◆ What is being asked
I would like the lines below, from the one with "Learn about the" through the one with "1,5 kg/m3 |", copied exactly and without any pictures.

◆ Data excerpts
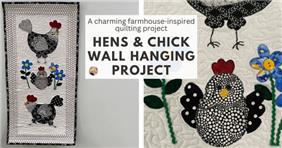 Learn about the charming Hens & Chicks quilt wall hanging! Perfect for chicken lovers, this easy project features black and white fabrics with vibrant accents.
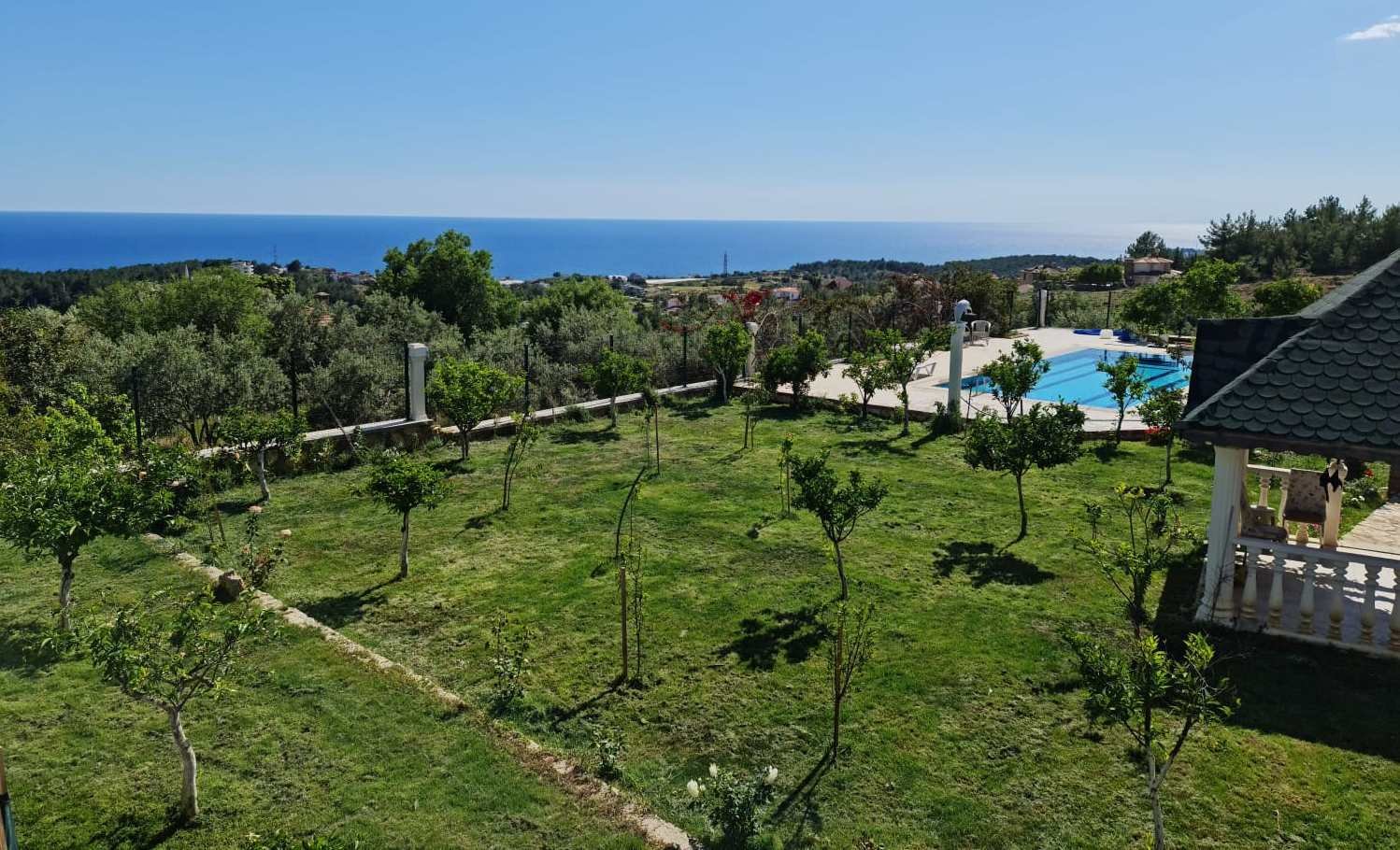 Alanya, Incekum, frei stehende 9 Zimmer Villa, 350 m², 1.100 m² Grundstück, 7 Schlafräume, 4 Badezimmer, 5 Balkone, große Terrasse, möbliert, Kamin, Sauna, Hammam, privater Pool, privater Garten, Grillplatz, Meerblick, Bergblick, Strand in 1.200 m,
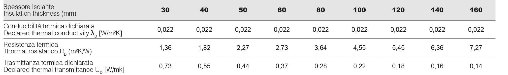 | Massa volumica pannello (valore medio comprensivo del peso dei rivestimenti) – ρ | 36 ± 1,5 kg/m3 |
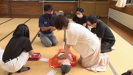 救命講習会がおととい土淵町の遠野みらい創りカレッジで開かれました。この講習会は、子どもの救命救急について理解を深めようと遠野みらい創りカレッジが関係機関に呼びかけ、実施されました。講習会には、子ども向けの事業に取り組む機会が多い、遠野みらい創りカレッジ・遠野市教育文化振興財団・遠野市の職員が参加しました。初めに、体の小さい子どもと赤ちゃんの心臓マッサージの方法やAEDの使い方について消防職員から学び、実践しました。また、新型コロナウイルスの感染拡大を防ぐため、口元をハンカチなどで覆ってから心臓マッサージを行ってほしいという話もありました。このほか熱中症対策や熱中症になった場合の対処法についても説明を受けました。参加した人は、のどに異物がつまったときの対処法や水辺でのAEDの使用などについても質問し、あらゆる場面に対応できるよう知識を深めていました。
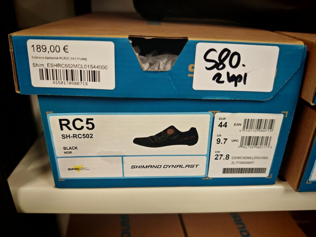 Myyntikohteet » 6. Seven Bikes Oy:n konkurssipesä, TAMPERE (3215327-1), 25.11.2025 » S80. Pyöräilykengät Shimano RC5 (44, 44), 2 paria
...
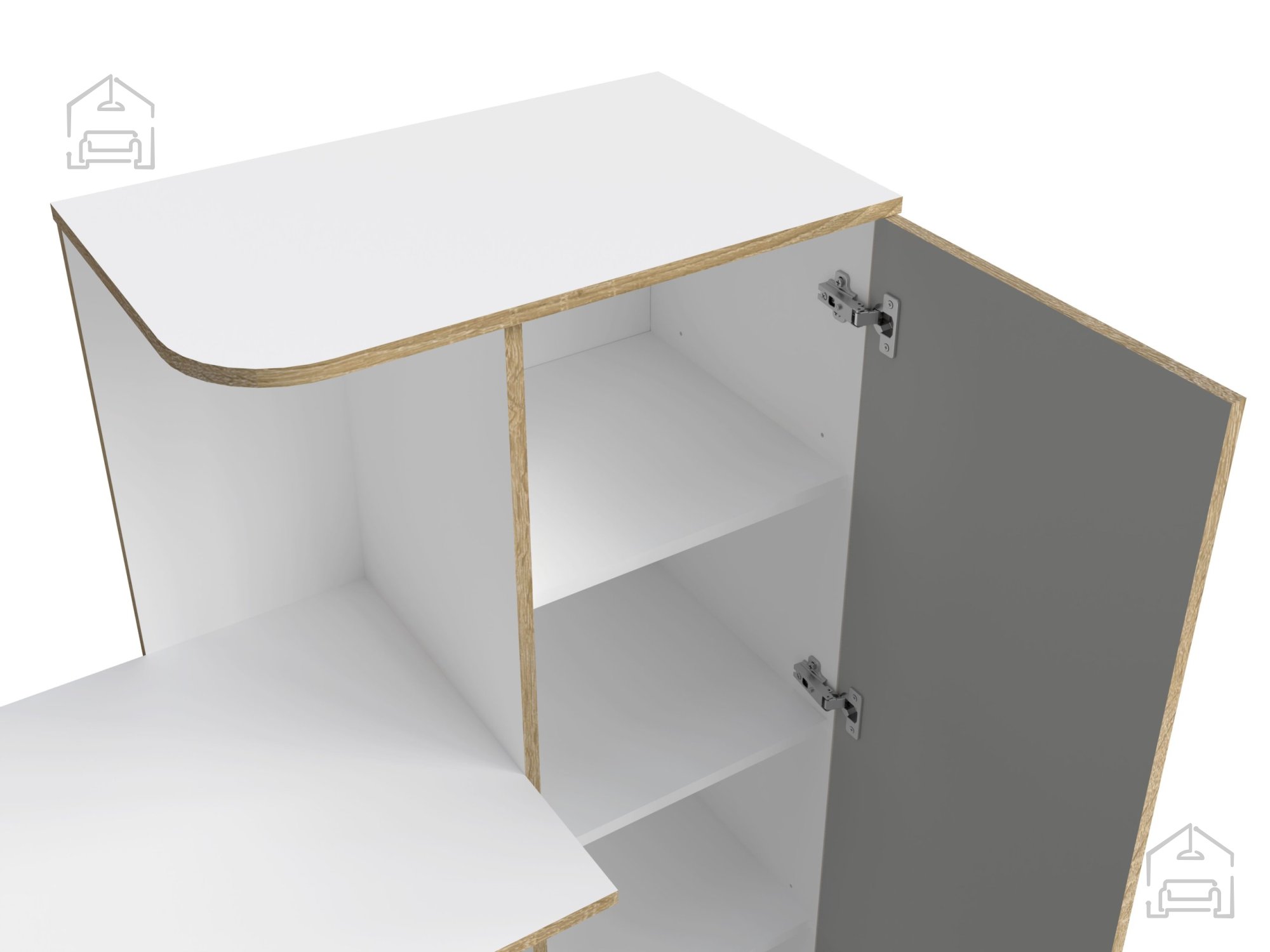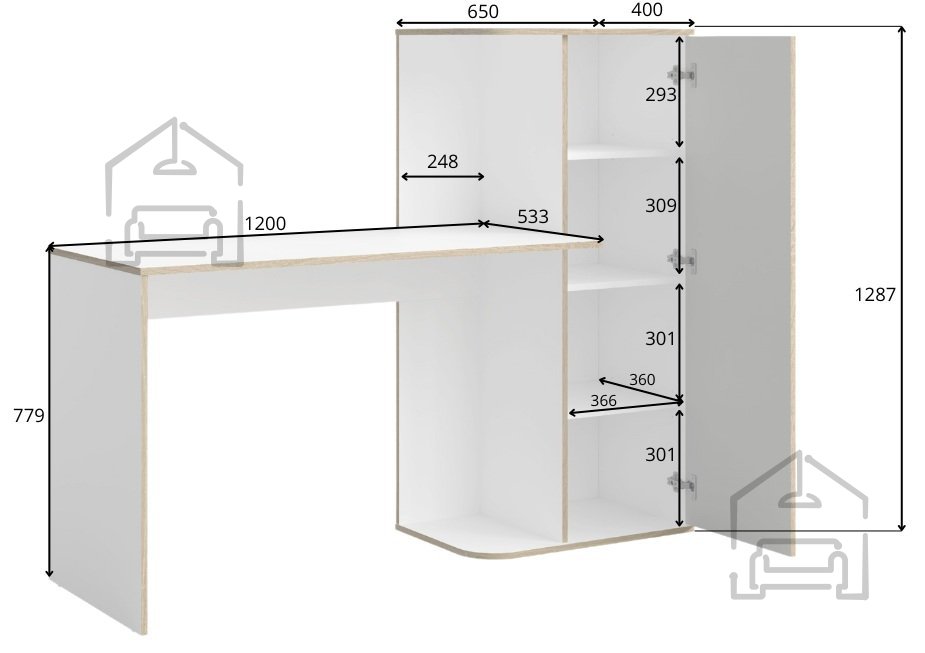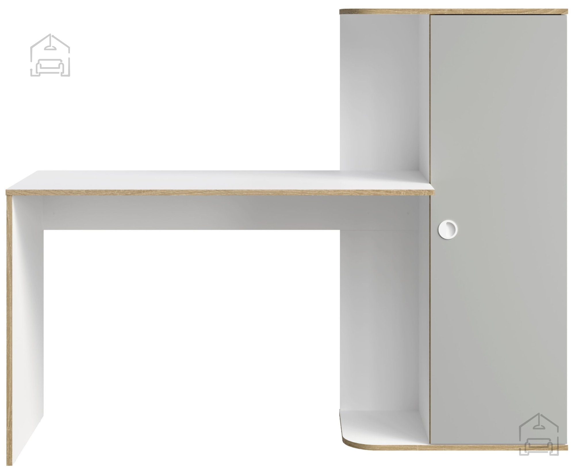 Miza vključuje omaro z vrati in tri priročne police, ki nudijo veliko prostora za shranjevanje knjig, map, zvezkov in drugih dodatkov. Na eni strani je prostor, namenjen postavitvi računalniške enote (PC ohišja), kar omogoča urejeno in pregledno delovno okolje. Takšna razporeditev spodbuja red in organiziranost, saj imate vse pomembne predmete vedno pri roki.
==
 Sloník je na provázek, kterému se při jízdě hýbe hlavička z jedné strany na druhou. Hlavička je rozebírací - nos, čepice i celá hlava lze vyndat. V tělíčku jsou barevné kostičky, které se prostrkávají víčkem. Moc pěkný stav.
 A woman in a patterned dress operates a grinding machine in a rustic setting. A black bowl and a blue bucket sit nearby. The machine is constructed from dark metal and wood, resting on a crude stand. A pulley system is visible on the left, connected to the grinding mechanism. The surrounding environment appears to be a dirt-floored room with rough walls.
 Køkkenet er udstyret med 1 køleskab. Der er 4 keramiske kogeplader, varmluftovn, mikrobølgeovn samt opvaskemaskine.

◆ Answer to this problem
 Learn about the charming Hens & Chicks quilt wall hanging! Perfect for chicken lovers, this easy project features black and white fabrics with vibrant accents.
 Alanya, Incekum, frei stehende 9 Zimmer Villa, 350 m², 1.100 m² Grundstück, 7 Schlafräume, 4 Badezimmer, 5 Balkone, große Terrasse, möbliert, Kamin, Sauna, Hammam, privater Pool, privater Garten, Grillplatz, Meerblick, Bergblick, Strand in 1.200 m,
 | Massa volumica pannello (valore medio comprensivo del peso dei rivestimenti) – ρ | 36 ± 1,5 kg/m3 |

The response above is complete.